> _The task_: In the records below, find the line that contains "Free Palestine! bumper" and the line that contains "Umständehalber ein unbenutzter"; write out exactly those two lines and everything between them, without the pictures.

> _Excerpted records_:
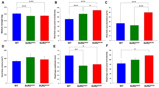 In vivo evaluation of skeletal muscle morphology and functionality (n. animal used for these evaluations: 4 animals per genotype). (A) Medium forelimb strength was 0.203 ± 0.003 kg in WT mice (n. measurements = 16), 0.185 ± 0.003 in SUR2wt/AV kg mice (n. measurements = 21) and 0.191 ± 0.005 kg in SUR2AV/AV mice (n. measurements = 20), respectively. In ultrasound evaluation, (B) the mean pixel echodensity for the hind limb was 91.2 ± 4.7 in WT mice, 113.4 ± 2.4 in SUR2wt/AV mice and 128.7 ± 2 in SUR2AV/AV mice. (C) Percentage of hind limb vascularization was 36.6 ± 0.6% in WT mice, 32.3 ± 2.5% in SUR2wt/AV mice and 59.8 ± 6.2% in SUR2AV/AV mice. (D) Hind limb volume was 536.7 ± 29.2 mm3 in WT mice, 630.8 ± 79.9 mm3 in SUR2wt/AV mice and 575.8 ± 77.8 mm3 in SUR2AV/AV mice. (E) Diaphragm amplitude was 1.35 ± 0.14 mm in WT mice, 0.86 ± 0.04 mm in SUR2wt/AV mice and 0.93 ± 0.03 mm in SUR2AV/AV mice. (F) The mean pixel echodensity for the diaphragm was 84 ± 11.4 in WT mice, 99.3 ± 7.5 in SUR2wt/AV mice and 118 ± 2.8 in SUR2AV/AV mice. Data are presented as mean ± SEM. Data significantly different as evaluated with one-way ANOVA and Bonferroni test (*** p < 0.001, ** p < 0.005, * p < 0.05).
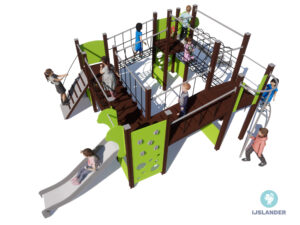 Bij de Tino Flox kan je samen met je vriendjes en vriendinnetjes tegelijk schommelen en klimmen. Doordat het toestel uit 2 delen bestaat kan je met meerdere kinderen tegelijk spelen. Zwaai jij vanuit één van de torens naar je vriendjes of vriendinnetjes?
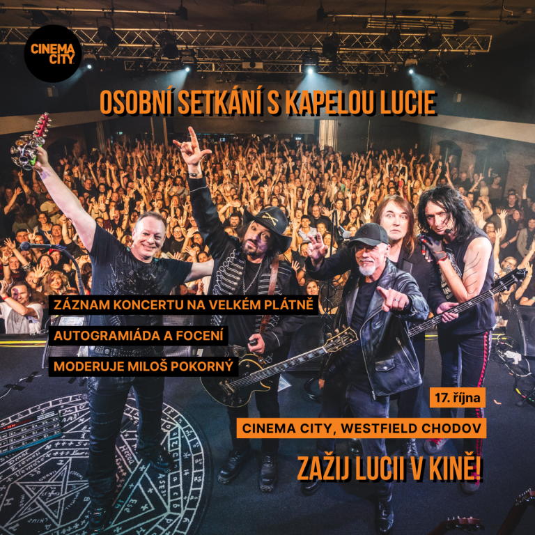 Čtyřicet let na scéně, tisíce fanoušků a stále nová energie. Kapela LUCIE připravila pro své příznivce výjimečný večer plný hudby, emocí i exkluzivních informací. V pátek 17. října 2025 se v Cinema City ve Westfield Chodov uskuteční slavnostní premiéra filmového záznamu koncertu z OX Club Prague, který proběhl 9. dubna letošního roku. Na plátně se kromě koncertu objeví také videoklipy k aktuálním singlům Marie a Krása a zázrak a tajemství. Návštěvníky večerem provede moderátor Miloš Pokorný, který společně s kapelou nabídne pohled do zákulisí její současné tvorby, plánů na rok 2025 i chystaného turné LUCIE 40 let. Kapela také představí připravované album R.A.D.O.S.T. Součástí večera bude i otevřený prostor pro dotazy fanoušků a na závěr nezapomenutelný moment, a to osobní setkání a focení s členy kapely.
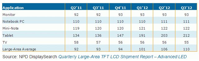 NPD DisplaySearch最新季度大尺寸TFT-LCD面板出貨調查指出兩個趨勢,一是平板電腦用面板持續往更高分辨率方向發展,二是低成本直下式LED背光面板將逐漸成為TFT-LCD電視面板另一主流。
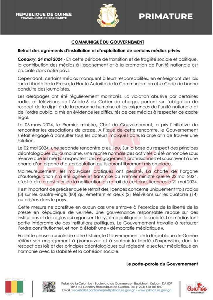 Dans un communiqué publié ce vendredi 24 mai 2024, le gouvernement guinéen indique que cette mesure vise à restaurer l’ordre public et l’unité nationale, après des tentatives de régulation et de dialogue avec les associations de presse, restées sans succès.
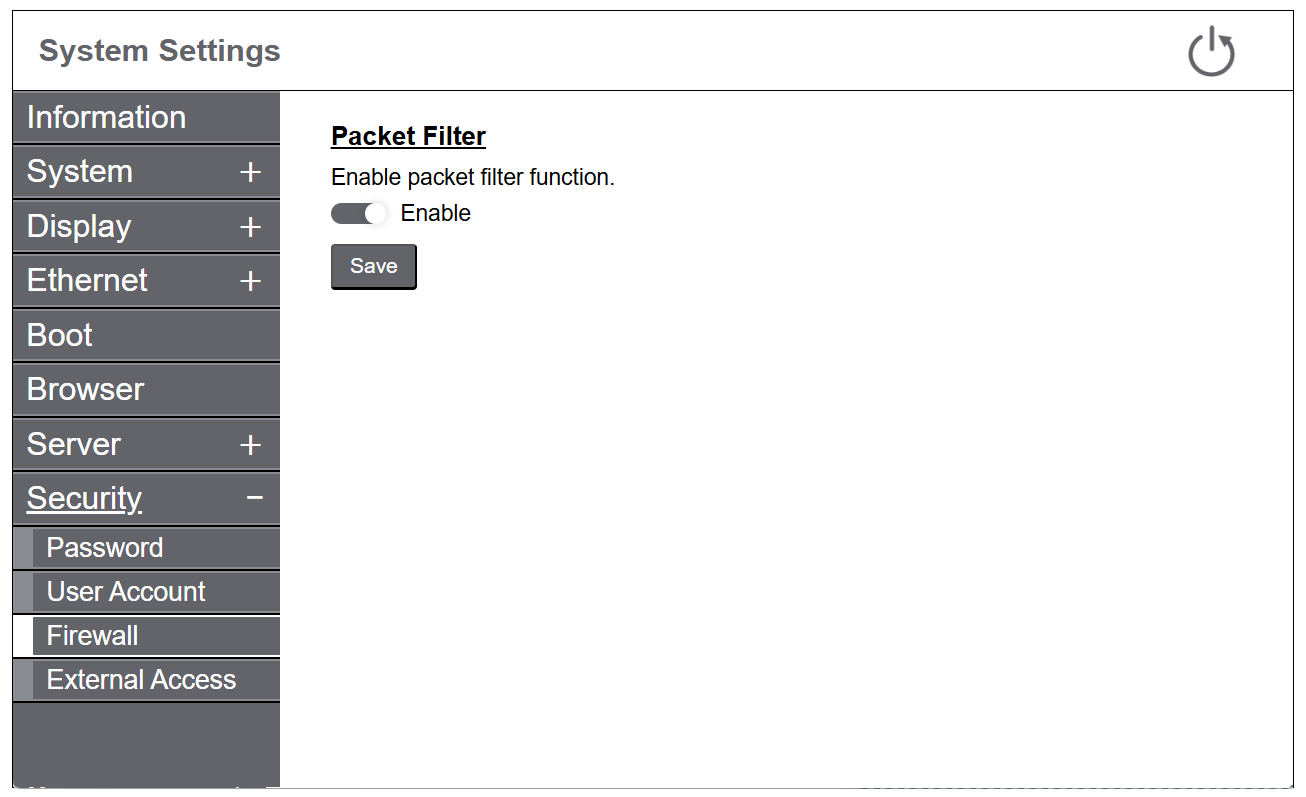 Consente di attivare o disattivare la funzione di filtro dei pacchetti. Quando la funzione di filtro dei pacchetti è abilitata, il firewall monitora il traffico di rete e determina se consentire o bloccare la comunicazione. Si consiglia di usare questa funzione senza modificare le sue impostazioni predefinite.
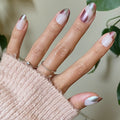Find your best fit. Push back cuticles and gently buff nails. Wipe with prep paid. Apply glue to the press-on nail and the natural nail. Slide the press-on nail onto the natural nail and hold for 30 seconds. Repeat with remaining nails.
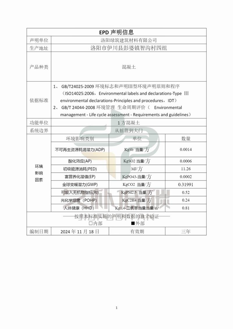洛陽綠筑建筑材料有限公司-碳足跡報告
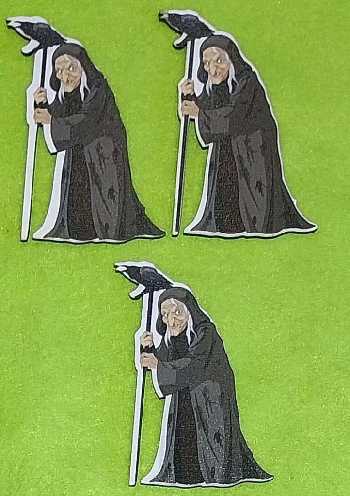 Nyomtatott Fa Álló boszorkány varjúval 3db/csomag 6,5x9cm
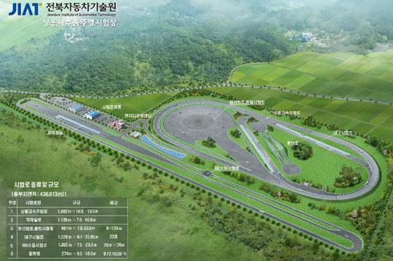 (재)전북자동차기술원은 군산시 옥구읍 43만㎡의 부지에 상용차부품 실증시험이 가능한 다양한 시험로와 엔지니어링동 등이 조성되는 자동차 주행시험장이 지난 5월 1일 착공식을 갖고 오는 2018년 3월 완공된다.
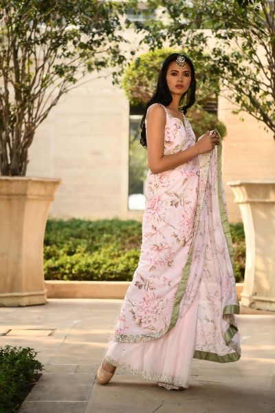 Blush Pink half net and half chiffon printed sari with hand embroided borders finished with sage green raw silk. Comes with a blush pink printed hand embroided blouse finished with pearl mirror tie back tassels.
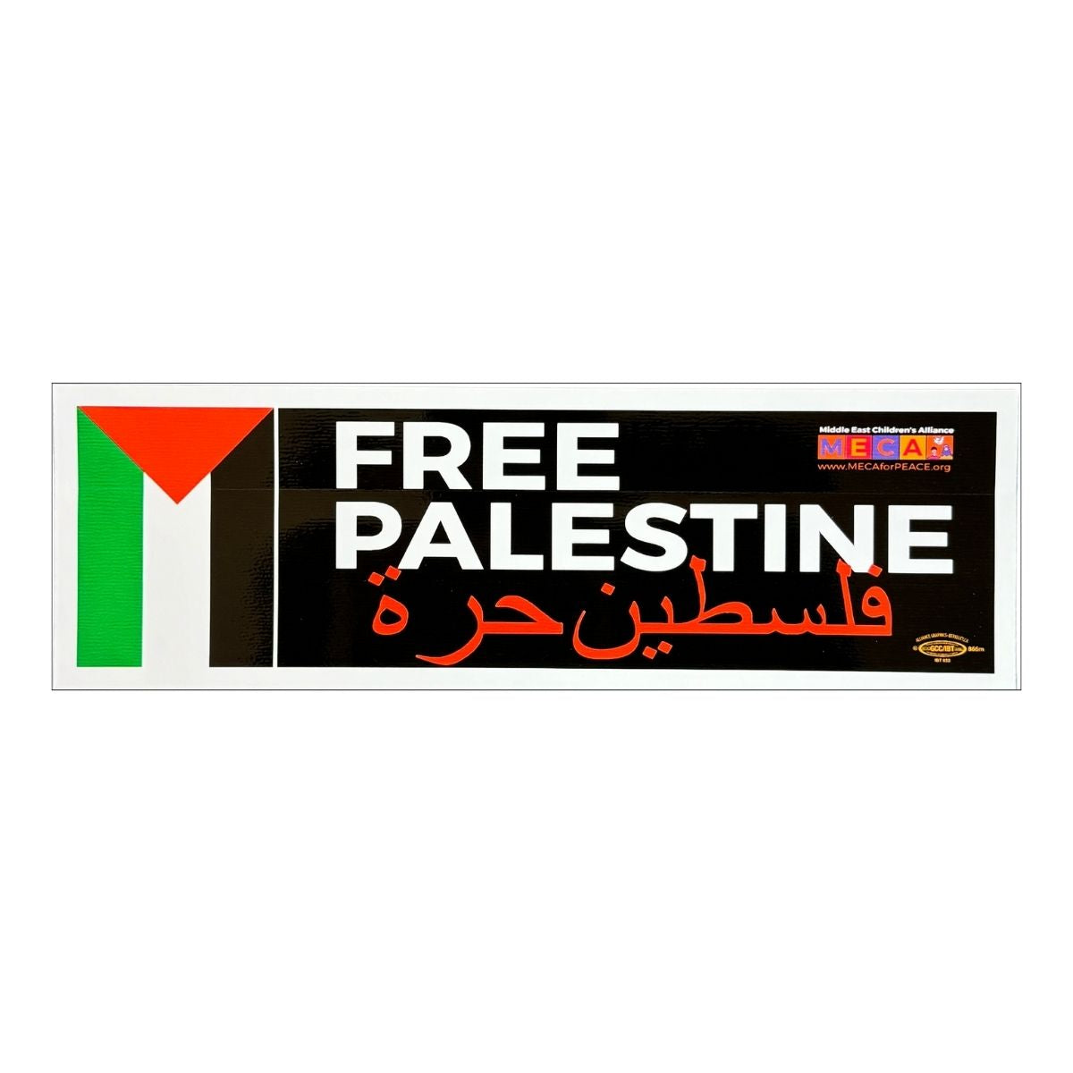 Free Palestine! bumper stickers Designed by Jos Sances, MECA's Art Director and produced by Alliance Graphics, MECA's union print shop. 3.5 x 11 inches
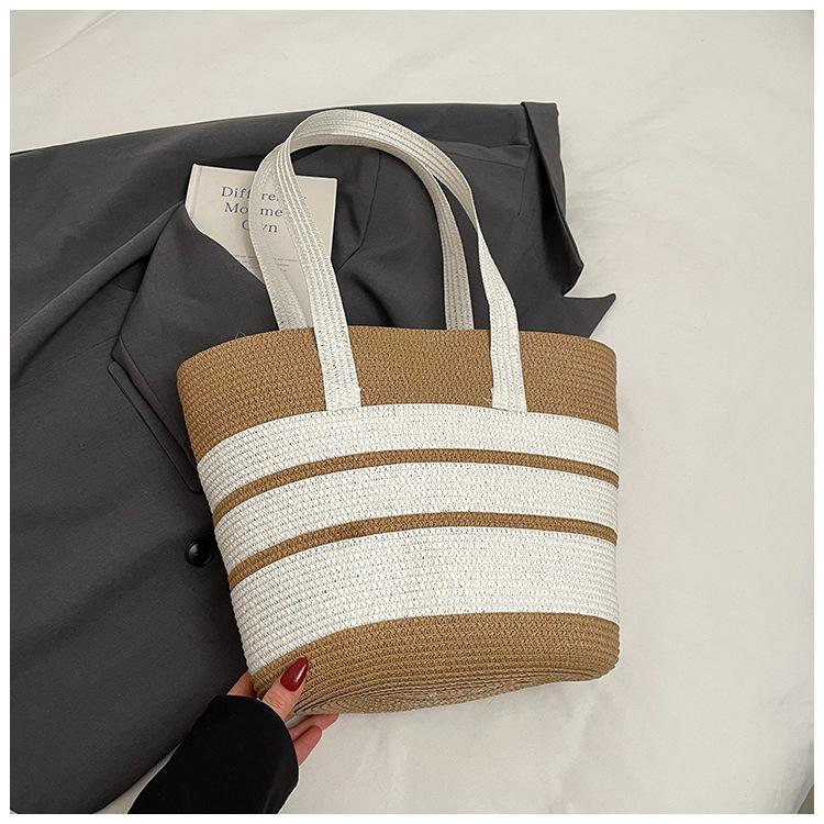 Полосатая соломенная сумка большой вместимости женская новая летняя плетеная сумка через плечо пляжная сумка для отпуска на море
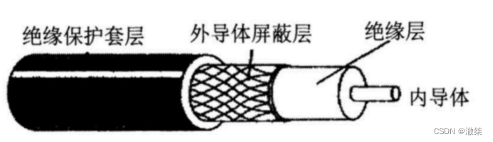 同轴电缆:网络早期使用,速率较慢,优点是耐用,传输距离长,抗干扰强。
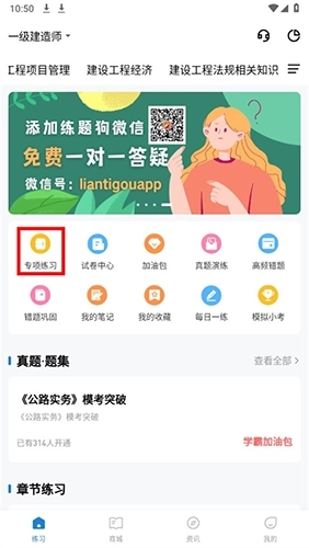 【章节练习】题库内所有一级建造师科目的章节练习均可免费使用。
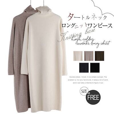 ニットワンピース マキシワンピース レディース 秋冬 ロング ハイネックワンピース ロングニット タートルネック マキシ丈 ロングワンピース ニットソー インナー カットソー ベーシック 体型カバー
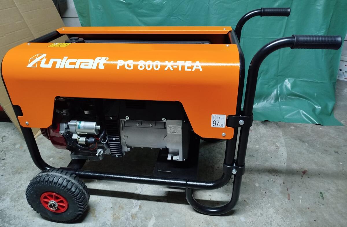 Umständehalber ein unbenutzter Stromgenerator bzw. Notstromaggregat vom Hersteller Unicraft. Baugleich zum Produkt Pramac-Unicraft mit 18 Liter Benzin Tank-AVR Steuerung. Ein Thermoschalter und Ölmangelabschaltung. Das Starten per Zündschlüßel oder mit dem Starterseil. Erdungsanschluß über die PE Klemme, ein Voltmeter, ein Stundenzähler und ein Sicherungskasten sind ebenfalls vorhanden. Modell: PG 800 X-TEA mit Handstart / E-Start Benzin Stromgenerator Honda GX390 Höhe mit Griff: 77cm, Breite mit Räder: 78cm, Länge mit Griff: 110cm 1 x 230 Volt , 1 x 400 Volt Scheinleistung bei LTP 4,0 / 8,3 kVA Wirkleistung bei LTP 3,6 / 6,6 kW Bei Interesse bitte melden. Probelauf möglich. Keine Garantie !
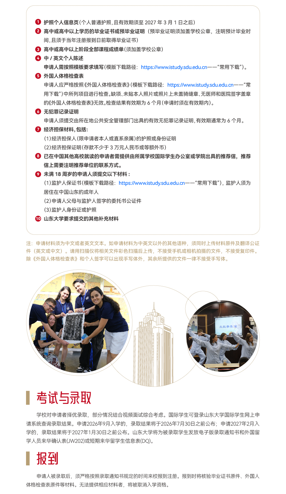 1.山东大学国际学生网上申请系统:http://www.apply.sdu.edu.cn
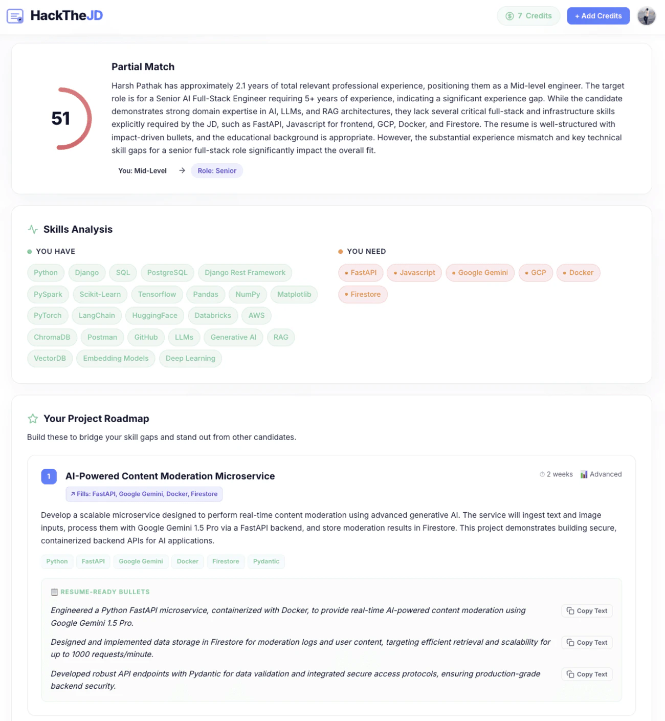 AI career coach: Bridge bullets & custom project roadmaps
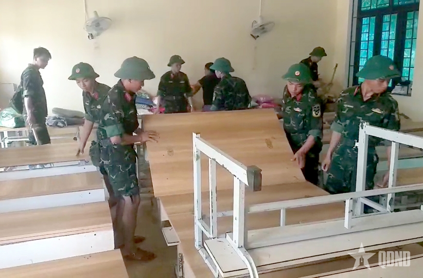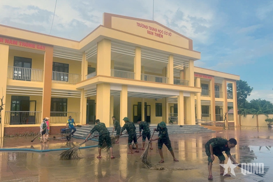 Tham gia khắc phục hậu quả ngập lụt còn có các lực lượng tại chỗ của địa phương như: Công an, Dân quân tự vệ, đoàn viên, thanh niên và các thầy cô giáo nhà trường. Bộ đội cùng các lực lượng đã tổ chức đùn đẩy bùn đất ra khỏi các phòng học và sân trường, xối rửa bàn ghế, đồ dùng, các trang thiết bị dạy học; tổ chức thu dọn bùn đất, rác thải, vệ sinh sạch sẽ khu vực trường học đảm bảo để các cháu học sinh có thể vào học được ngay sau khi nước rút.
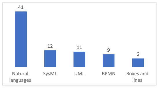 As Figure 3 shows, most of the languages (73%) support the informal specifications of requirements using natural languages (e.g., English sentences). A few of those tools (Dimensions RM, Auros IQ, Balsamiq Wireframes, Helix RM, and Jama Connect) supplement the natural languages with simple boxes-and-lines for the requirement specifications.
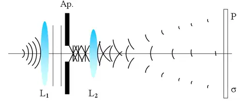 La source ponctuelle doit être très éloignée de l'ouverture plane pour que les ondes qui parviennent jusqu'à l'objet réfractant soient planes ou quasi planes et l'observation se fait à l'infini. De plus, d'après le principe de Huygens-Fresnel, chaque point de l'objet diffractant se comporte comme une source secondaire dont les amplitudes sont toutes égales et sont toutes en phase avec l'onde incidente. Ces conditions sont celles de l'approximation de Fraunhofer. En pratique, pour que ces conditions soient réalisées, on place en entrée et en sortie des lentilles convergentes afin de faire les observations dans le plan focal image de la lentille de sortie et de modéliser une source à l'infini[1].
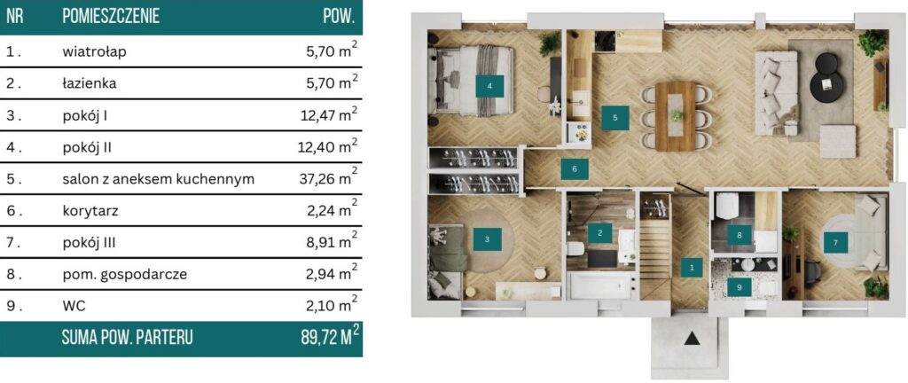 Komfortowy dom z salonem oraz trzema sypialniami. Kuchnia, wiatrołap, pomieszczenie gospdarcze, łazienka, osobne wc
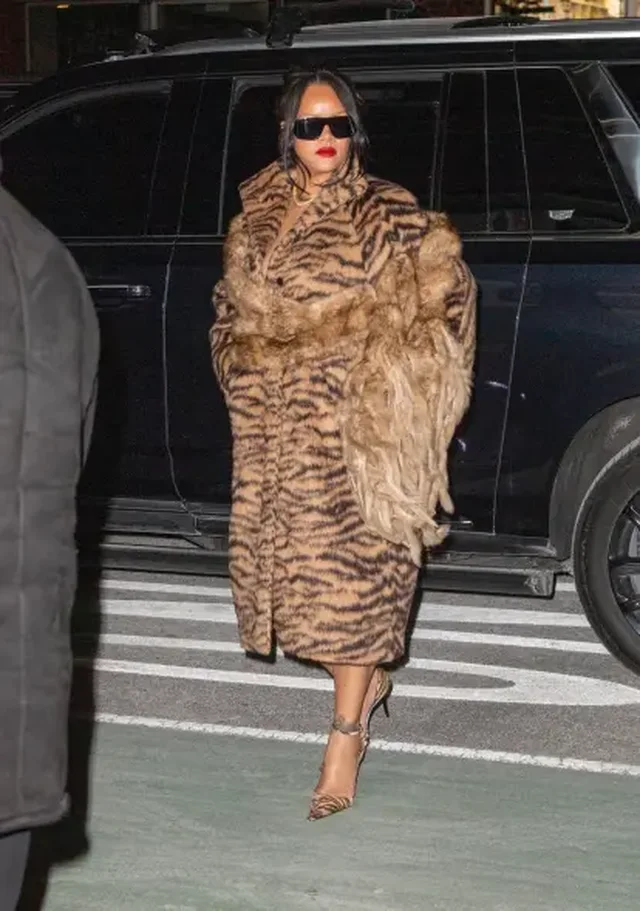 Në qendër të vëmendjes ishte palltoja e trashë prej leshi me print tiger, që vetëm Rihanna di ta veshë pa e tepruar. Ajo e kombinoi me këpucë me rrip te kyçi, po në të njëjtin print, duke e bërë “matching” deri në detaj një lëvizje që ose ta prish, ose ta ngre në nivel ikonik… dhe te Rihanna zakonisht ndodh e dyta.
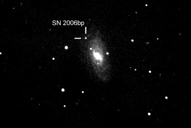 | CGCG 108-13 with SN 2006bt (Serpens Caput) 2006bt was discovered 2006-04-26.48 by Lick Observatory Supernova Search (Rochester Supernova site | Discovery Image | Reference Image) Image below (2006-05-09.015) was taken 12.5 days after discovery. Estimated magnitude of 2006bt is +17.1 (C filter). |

> _Written answer_:
 Free Palestine! bumper stickers Designed by Jos Sances, MECA's Art Director and produced by Alliance Graphics, MECA's union print shop. 3.5 x 11 inches
 Полосатая соломенная сумка большой вместимости женская новая летняя плетеная сумка через плечо пляжная сумка для отпуска на море
 同轴电缆:网络早期使用,速率较慢,优点是耐用,传输距离长,抗干扰强。
 【章节练习】题库内所有一级建造师科目的章节练习均可免费使用。
 ニットワンピース マキシワンピース レディース 秋冬 ロング ハイネックワンピース ロングニット タートルネック マキシ丈 ロングワンピース ニットソー インナー カットソー ベーシック 体型カバー
 Umständehalber ein unbenutzter Stromgenerator bzw. Notstromaggregat vom Hersteller Unicraft. Baugleich zum Produkt Pramac-Unicraft mit 18 Liter Benzin Tank-AVR Steuerung. Ein Thermoschalter und Ölmangelabschaltung. Das Starten per Zündschlüßel oder mit dem Starterseil. Erdungsanschluß über die PE Klemme, ein Voltmeter, ein Stundenzähler und ein Sicherungskasten sind ebenfalls vorhanden. Modell: PG 800 X-TEA mit Handstart / E-Start Benzin Stromgenerator Honda GX390 Höhe mit Griff: 77cm, Breite mit Räder: 78cm, Länge mit Griff: 110cm 1 x 230 Volt , 1 x 400 Volt Scheinleistung bei LTP 4,0 / 8,3 kVA Wirkleistung bei LTP 3,6 / 6,6 kW Bei Interesse bitte melden. Probelauf möglich. Keine Garantie !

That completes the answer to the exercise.